Detection of laboratory indicators
The subjects fasted overnight for at least 12 h. At 8:00 a.m. the next day, the venous blood of those patients was drawn to measure TC, LDL-c, HDL-c, TG, UA, HIV viral nucleic acid (HIVRNA), and T lymphocyte subsets.
TC, TG, HDL-c, LDL-c and UA levels were measured by the enzymatic method of an automatic biochemical analyzer purchased from Zhejiang Eastern European Biological Products Company. HIVRNA was detected by fluorescent quantitative PCR; T lymphocyte subsets (including CD3+ count, CD4+ count, CD8+ count, CD3+%, CD4+%, CD8+%) were measured by flow cytometry using a Beckman flow cytometer.
The follow-up time points were 0, 4, 8, 12, 24, 36, 48, 60, 72, 84, 96, 108, 120, 132, and 144 weeks after patients underwent ART with the TDF plus 3TC plus EFV regimen [13]. UA levels were measured at each follow-up time point, and TC, LDL-c, HDL-c and TG levels were detected at 0, 24, 48, 96, 120, and 144 weeks [13].
Databases were established according to the needs of the research by two researchers simultaneously collecting and entering data. All of the data were checked by the researchers to assess data integrity, authenticity, and accuracy.

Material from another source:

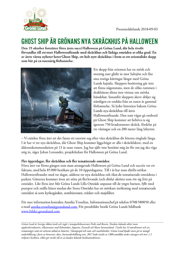 Den 19 oktober fortsätter förra årets succé Halloween på Gröna Lund, där hela tivolit förvandlas till ett stort Halloweenfirande med skräckhus och läskiga områden av olika grad. En av årets värsta nyheter heter Ghost Ship, ett helt nytt skräckhus i form av ett orientaliskt skepp som bär på en tusenårig förbannelse.

Patient and public involvement
Patients and the public were involved in the development of the research question or in the design of the study. Patients received oral and written information about this study; however, they were not involved in the recruitment and implementation of the study. In addition, the burden of the intervention was assessed by the investigators. After signing an informed consent form by the participants, they were assessed for eligibility prior to data collection.
Statistical methods
The Statistical Package for the Social Sciences software version 17.0 (IBM Inc., Armonk, NY, USA) and GraphPad Prism 8 (GraphPad) software were used for statistical analysis. TC, LDL-c, HDL-c, TG and UA levels normally distributed, and statistical analysis was conducted directly. Nonnormally distributed HIVRNA levels were subjected to natural logarithmic transformation before statistical analysis. Quantitative data were expressed as χ ± SD, and categorical data were expressed as rates or percentages. One-way ANOVA was used to compare metabolism parameters from baseline to 144 weeks, and a paired t-test was used to compare metabolism parameters between baseline and some follow-up time points. The Kruskal-Wallis H (K) test for K independent samples was used to compare the percentage of dyslipidemia and hyperuricemia from baseline to 144 weeks. The Mann-Whitney test for two independent samples was used to compare the percentage of dyslipidemia and hyperuricemia between baseline and some follow-up time points. One-way ANOVA was used to compare metabolism parameters between the three different CD4+ T cell count groups at the same time point. Two-way ANOVA was used to compare metabolism parameters between the three different CD4+ T cell count groups from baseline to 144 weeks. A p value < 0.05 was considered statistically significant.
Ethical consideration
The study was approved by the hospital ethics committee of the Public and Health Clinic Centre of Chengdu (PJ-K2012-012-01). All patients gave written informed consent.